Kehilangan nafsu makan (anoreksia) menyiratkan bahwa rasa lapar tidak ada dan bahwa orang tersebut tidak memiliki keinginan untuk makan. Sebaliknya, orang dengan gangguan makan, seperti anoreksia nervosa atau bulimia nervosa lapar tetapi membatasi asupan makanan atau muntah setelah makan karena terlalu khawatir tentang penambahan berat badan.
Anoreksia dalam waktu singkat biasanya menyertai hampir semua penyakit tiba-tiba (akut). Anoreksia jangka panjang (kronis) biasanya hanya terjadi pada orang-orang dengan gangguan serius, seperti kanker, AIDS, penyakit paru-paru kronis, dan gagal jantung, ginjal, atau hati yang parah.
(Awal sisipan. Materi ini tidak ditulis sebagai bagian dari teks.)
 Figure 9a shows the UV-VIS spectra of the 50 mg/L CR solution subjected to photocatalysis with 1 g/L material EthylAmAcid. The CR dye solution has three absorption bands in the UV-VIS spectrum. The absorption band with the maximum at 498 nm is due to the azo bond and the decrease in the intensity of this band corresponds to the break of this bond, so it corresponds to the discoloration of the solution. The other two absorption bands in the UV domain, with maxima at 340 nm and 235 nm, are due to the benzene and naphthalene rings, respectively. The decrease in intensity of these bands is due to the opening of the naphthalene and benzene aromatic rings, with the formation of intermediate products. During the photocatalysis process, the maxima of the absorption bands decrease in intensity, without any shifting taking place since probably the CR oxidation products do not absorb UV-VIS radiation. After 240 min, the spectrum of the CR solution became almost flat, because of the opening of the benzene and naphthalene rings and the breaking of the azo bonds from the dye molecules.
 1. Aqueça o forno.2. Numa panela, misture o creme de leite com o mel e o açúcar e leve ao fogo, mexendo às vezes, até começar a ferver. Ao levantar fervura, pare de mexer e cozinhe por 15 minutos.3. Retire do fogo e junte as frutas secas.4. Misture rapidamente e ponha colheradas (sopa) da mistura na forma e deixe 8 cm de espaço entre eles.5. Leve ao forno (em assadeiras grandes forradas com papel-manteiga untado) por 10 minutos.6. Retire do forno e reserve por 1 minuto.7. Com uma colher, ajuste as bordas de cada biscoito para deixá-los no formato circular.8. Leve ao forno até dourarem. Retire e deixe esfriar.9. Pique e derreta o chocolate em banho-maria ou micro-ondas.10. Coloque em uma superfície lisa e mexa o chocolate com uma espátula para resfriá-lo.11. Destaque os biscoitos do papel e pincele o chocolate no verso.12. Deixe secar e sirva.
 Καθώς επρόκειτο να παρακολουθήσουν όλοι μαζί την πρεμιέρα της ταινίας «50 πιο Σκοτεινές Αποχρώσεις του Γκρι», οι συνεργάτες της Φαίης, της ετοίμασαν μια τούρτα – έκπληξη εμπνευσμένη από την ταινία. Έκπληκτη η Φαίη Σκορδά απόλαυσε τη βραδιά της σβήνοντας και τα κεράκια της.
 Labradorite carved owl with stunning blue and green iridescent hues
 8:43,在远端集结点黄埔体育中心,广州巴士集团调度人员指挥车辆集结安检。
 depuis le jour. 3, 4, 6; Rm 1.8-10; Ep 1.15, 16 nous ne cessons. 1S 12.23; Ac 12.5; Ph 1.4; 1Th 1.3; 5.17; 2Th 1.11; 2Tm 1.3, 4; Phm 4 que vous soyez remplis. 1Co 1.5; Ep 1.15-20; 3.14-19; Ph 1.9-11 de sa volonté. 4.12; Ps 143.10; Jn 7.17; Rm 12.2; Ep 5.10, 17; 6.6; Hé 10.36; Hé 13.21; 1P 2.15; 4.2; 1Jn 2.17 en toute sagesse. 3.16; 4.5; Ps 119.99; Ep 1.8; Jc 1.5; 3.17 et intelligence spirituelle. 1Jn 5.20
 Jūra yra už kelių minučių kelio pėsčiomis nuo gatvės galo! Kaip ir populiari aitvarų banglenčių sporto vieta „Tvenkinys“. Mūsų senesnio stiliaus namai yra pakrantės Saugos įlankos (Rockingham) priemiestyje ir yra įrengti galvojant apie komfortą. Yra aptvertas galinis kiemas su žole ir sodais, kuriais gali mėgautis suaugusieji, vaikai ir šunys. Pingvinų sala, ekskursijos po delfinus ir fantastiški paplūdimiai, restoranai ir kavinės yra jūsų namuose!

Gangguan yang memengaruhi bagian otak yang mengatur nafsu makan juga dapat menyebabkan anoreksia.
Anoreksia banyak terjadi pada orang-orang yang sekarat.
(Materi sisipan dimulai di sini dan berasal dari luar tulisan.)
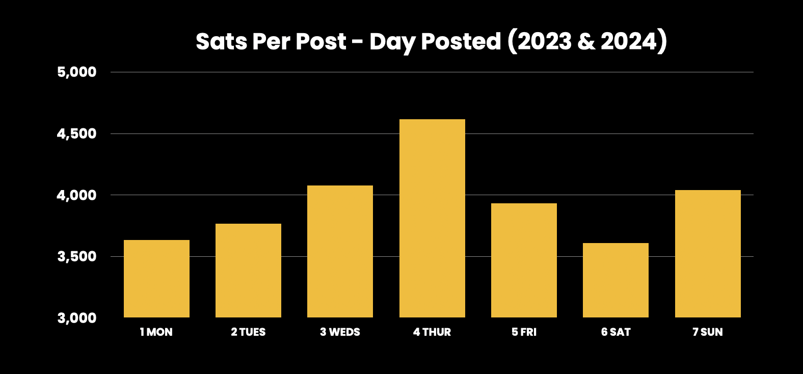 Days: Posting on Thursdays generates more sats (16% extra), with Wednesdays and Sundays also favorable. Saturdays and Mondays see fewer high-value posts.

Beberapa obat-obatan, seperti digoksin, fluoksetin, kuinidin, dan hidralazin, menyebabkan anoreksia.
Paling sering, anoreksia terjadi pada orang yang diketahui mengalami gangguan yang mendasari. Anoreksia kronis yang tidak dapat dijelaskan merupakan sinyal bagi dokter bahwa ada yang salah. Evaluasi menyeluruh terhadap gejala orang tersebut dan pemeriksaan fisik yang lengkap sering kali menunjukkan penyebab dan membantu dokter memutuskan tes mana yang diperlukan.
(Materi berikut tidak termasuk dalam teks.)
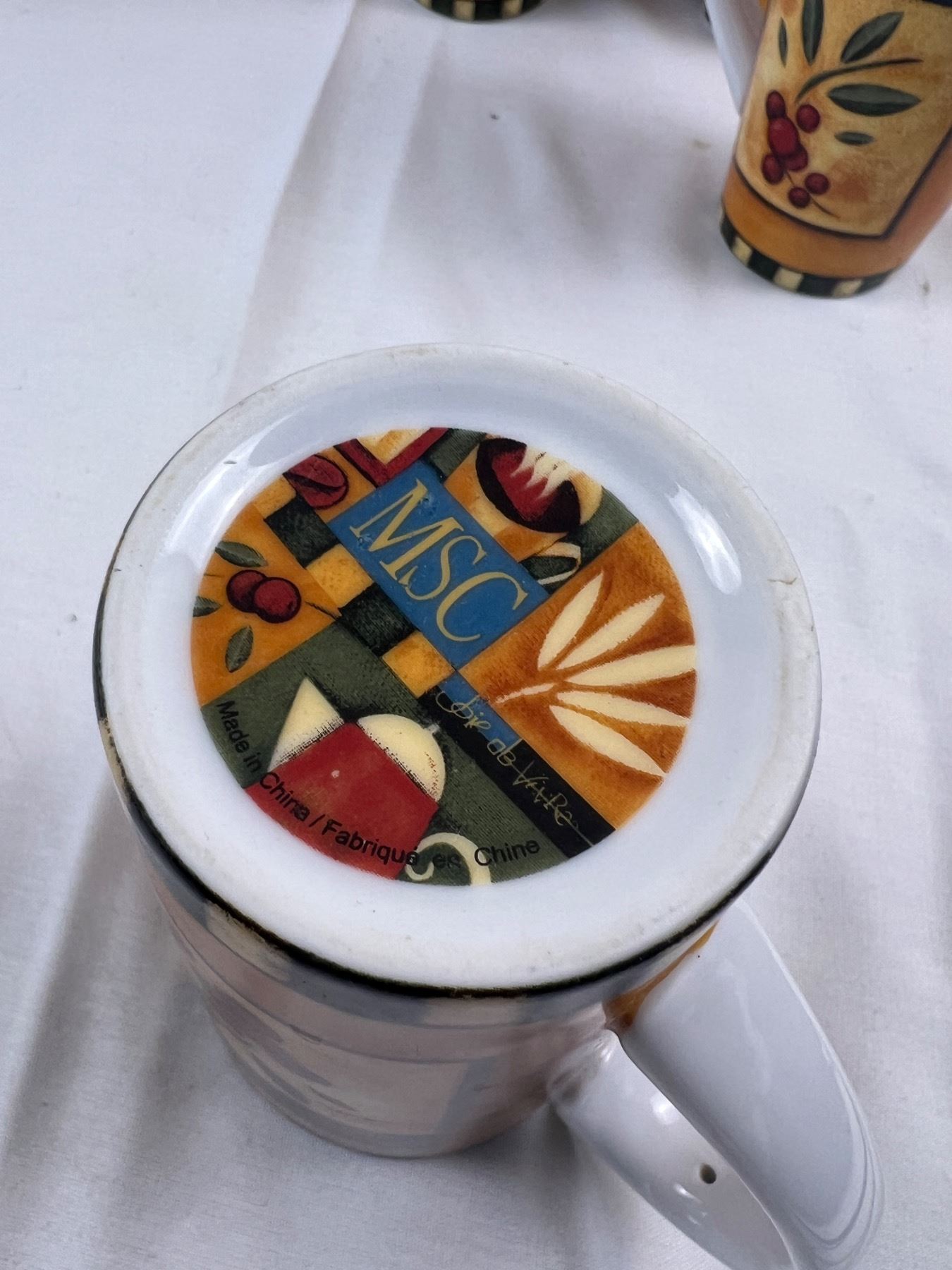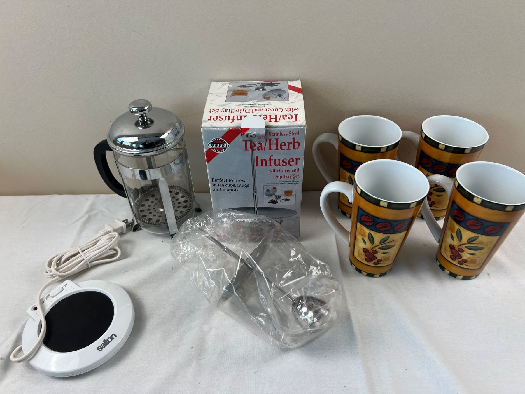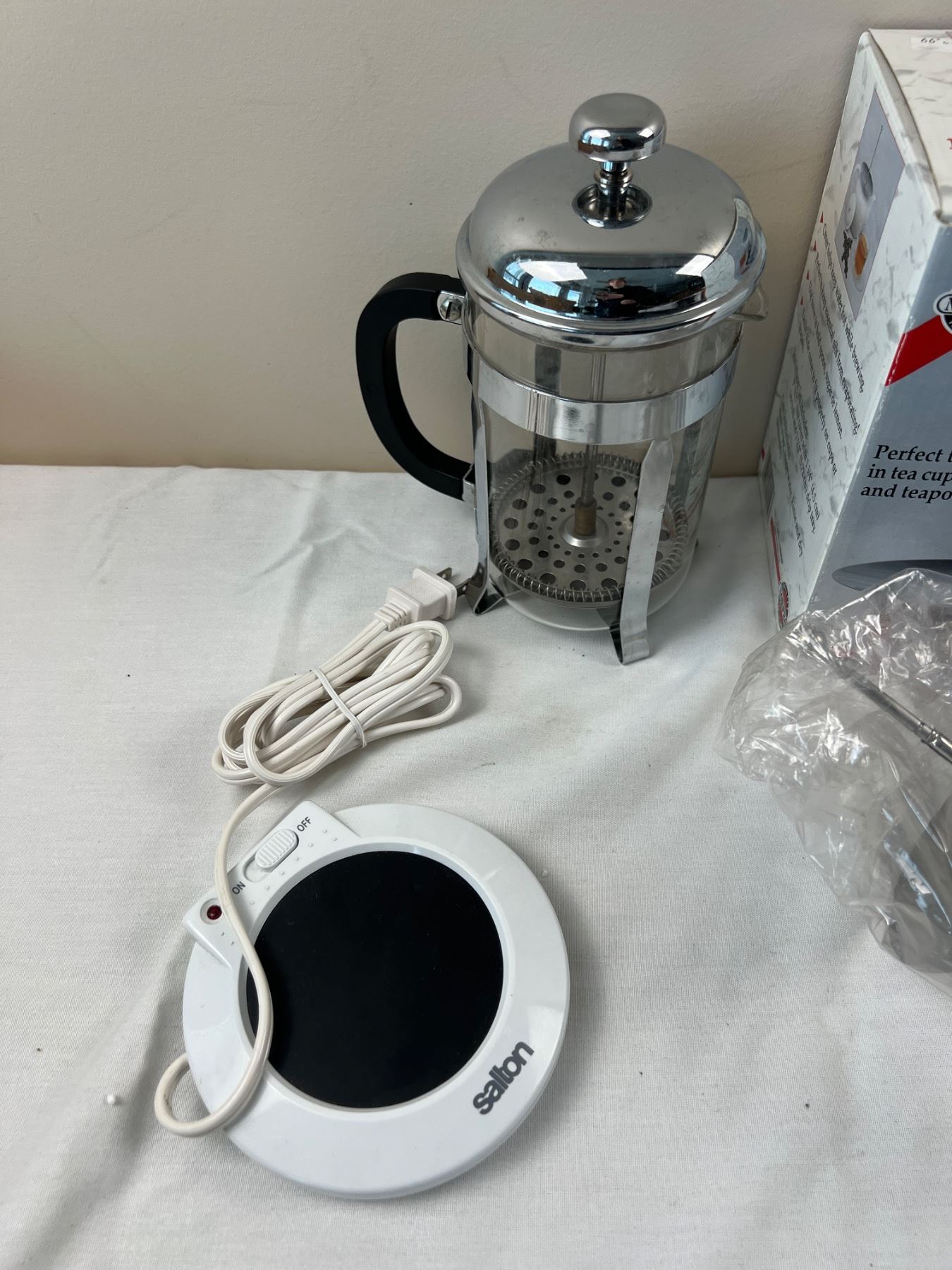 Includes four MSC mugs, Salton mug warmer (turns on), French press, and more

Penyebab yang mendasari diperlakukan semaksimal mungkin. Langkah-langkah yang dapat membantu meningkatkan keinginan makan seseorang, termasuk menyediakan makanan favorit, jadwal makan yang fleksibel, dan, jika orang tersebut menginginkannya, sejumlah kecil minuman beralkohol disajikan 30 menit sebelum makan. Dalam situasi tertentu, dokter dapat menggunakan obat-obatan, seperti siproheptadina, kortikosteroid dosis rendah, megestrol, dan dronabinol, untuk membantu menstimulasi nafsu makan.